Você abre os olhos... agora é um ser comum.
Na multidão, apenas mais um
que não escuta, só grita, que não afaga, só bate
que não planta, só arranca com mão destruidora
que buzina e acelera pra lugar nenhum.
Volta à vida normal,
que seria linda...se não fosse assustadora.

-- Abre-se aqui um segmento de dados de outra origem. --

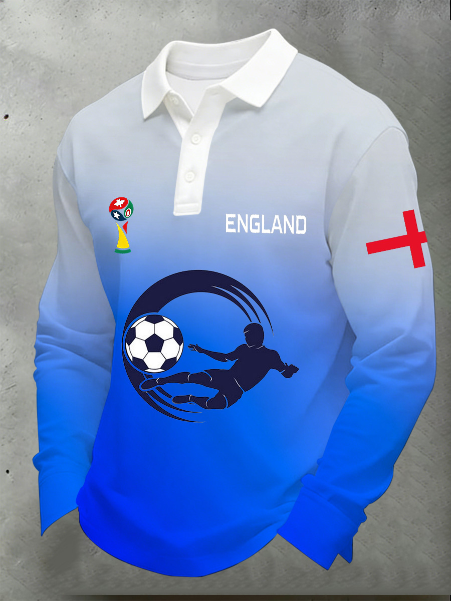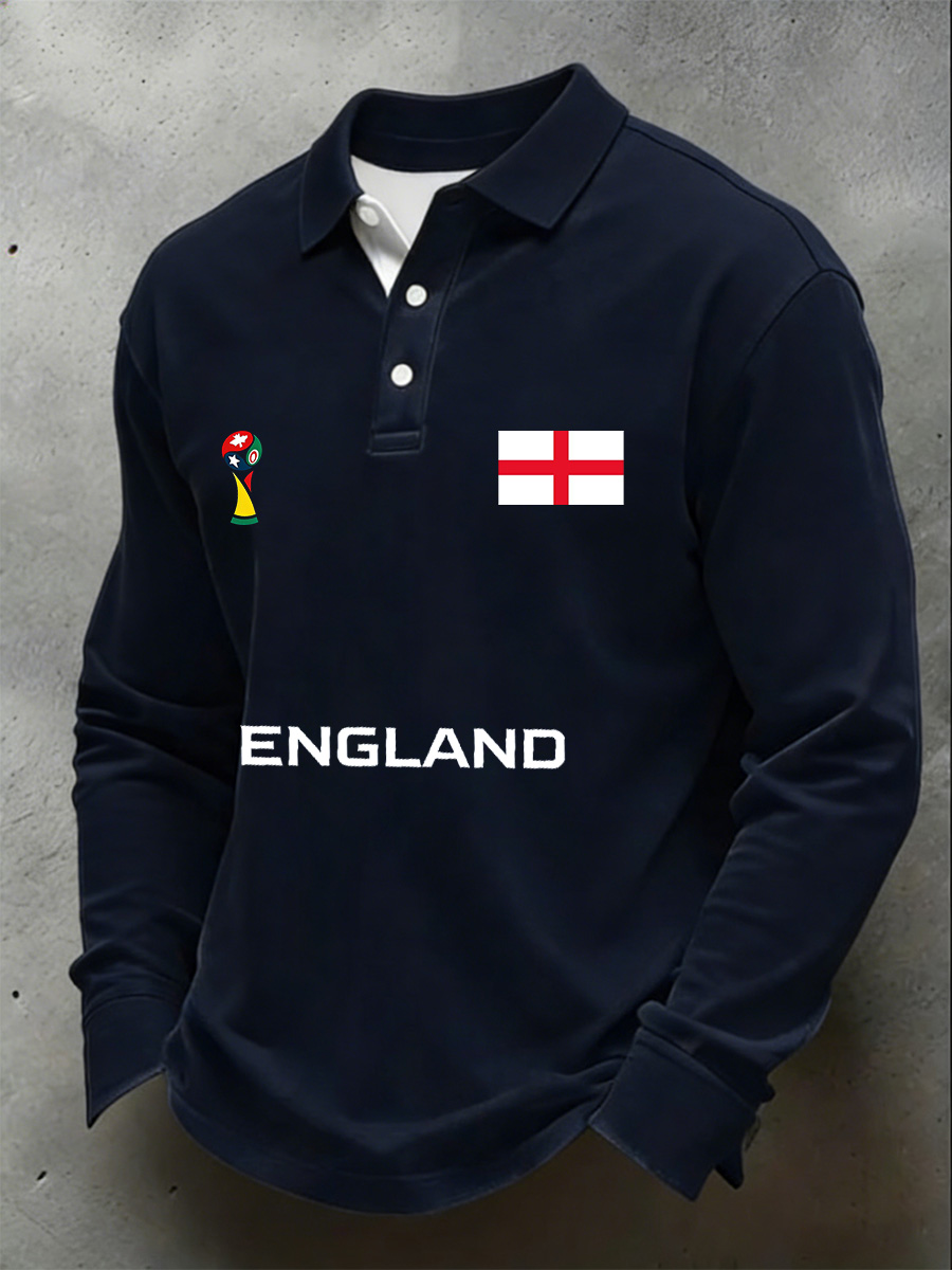 Men's England World Cup Football Supporter Printed Long-Sleeve Polo Shirt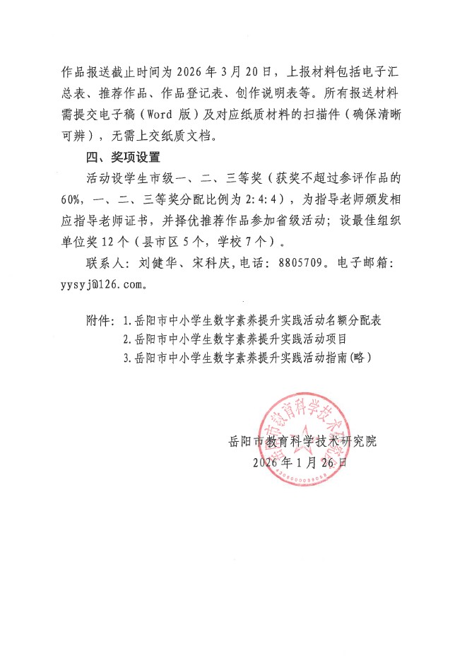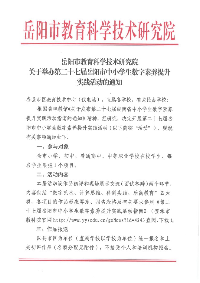 岳阳市教育科学技术研究院关于举办第二十七届岳阳市中小学生数字素养提升实践活动的通知.pdf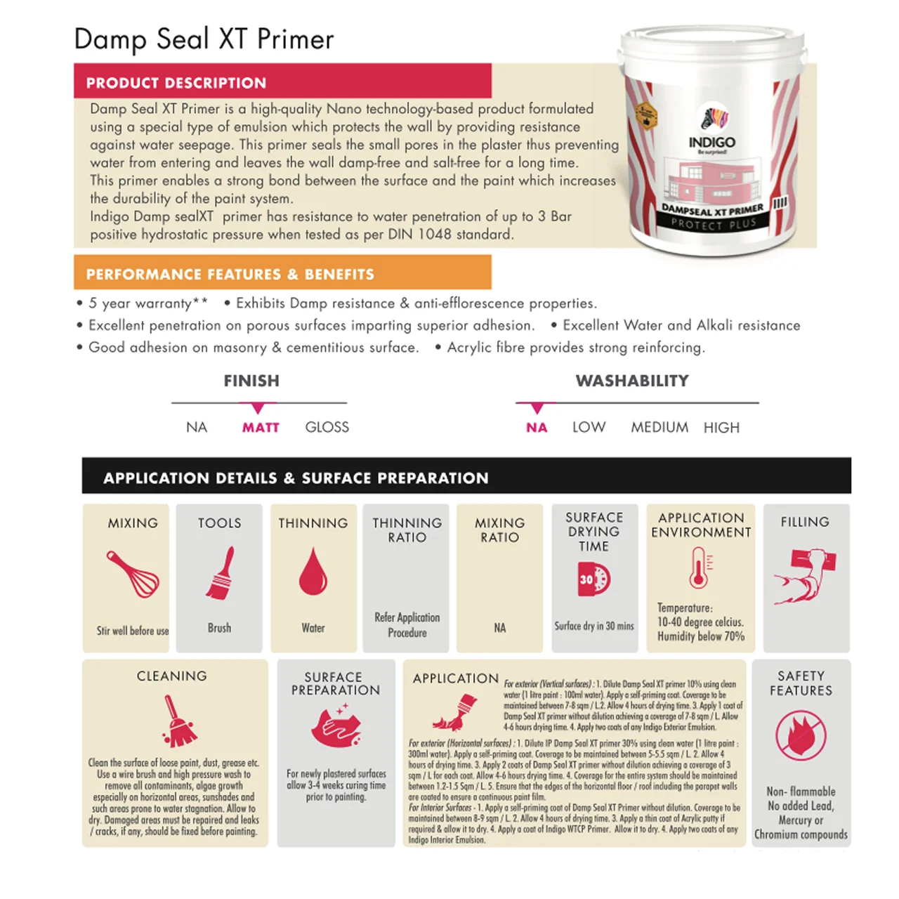 - Use Indigo Damp Seal Primer (This Product): Use this *after* the wall is as dry as possible, OR after you have applied a treatment like Damp Stop 2K. This damp proof primer acts as the final “seal,” locking in any residual moisture, blocking stains, and getting the wall ready for wall putty and paint. It is a 1-component, easy-to-use primer.

quarta-feira, 7 de setembro de 2011

O EREMITA



Olhou para trás para ver seus passos, mas não os viu mais. O vento os apagou como se eles não tivessem sentido, a areia cobriu tudo que ele percorreu, dando a impressão de que tudo foi em vão. Seus passos agora só existiam dentro de si, desejou arrancá-los também de sua mente, mas isso era mais forte que ele. Onde estavam todas as pessoas agora? Ecoavam em sua mente, só lembranças, vozes, gargalhadas, lamentos, imagens pálidas, nada mais era palpável. Olhou à direita, à esquerda, e contemplou o vazio. Como vazio é grande! Como o vazio é pesado! O sol escaldante era menos cruel que tudo isso, a areia do deserto queimava menos em sua pele do que a areia do tempo. Pensou em encostar, não havia paredes. Pensou em chorar, não havia ombros. Recuperou-se do breve momento de fraqueza, balançou a cabeça e a alma, desvencilhando-se do surto de tristeza. Nunca se permitira ficar triste, nunca tivera muito tempo para isso, passou a vida toda cuidando de seus passos... mas onde estão aqueles passos? Apesar do deserto impiedoso, não sentiu sede, pois uma sede maior o movia, a sede dos acostumados a caminhar sozinhos. Olhou adiante, vislumbrou um horizonte confuso, difuso, mas era o único que tinha, e seguiu em frente. Andou, andou, andou... até ser engolido pela solidão do deserto. Como se tivessse direito, pediu ao vento que apagasse também suas últimas pegadas. Nunca teve certeza se o vento atendeu seu pedido, porque nunca mais olhou para trás.